Oracle Discloses OpenAI Default Risk, Stock Plunges 35% in June
Taylor Wilson
Oracle warned in its annual filing that a major client's failure to pay could leave it stuck with hundreds of billions of dollars in AI infrastructure — Bloomberg identifies that client as OpenAI.
What exactly is Oracle worried about?
Oracle's latest annual report states plainly: if a major customer fails to pay or does not renew, the company could be stuck with extremely expensive AI infrastructure that is hard to re-lease or repurpose on acceptable terms.
Bloomberg's analysis points to OpenAI as the client at the center of this disclosure.
This means → Oracle is spelling out its single largest business risk in black and white — an unusual level of candor among major tech companies.
How large are the numbers behind this?
Oracle holds a $300 billion "Stargate" contract with OpenAI and is building massive data centers across the U.S. to deliver cloud computing power.
Per Bloomberg data, six companies — including Oracle, Microsoft, and Meta — have committed up to $850 billion in leases for data centers not yet under construction.
In plain terms = Oracle carries the largest share of that bet — the buildings aren't built yet, but the contracts already run to astronomical sums.
Where does the default risk come from?
During construction: supply-chain disruptions, government restrictions, and third-party delays could push costs higher or extend timelines.

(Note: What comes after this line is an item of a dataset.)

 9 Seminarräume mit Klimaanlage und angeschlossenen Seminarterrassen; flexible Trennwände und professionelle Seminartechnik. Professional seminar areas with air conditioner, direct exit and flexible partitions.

After completion: the biggest threat is the customer itself. Oracle warns that some clients operate with high leverage and face their own operational and regulatory risks — defaults remain possible even with normal credit checks in place.

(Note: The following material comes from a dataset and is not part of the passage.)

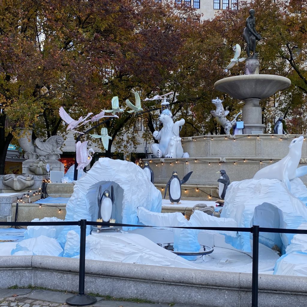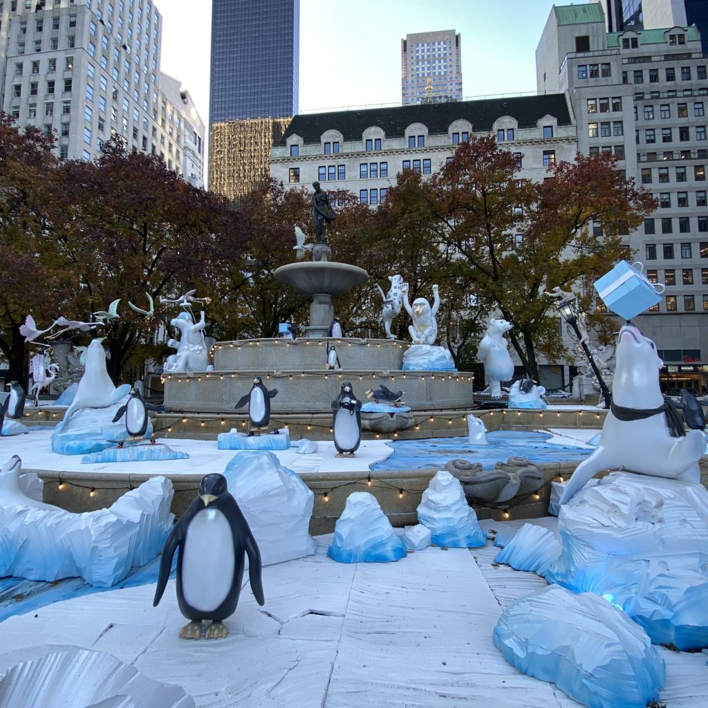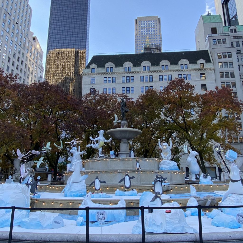 For the first time that I am aware of the Park across from the Plaza Hotel on 5th Avenue and 59th Street has an adorable animated winter display.

This means → Oracle is not just worried about building on time; it is worried about building for a customer who may not be able to pay — and infrastructure built for a single client is nearly impossible to repurpose.
How did the market react?
In June, all six tech companies with the largest lease commitments saw their shares fall.
Oracle dropped 35% that month — the steepest decline in the group.
This reflects a market already pricing in the scenario where the customer cannot pay, rather than treating the filing language as boilerplate.
Is Oracle pulling back?
No. In the same filing, Oracle states that delivering growth for OCI (Oracle Cloud Infrastructure) requires acquiring more compute capacity, and heavy capital and operating spending is unavoidable.
In plain terms = management's calculus is clear — the risk of missing the AI wave outweighs the risk of overspending.
But the core tension remains unresolved: whether this multi-hundred-billion-dollar compute bet pays off depends heavily on OpenAI's continued ability to pay — the very variable Oracle itself admits it cannot fully control.
Content is for reference only, not financial advice.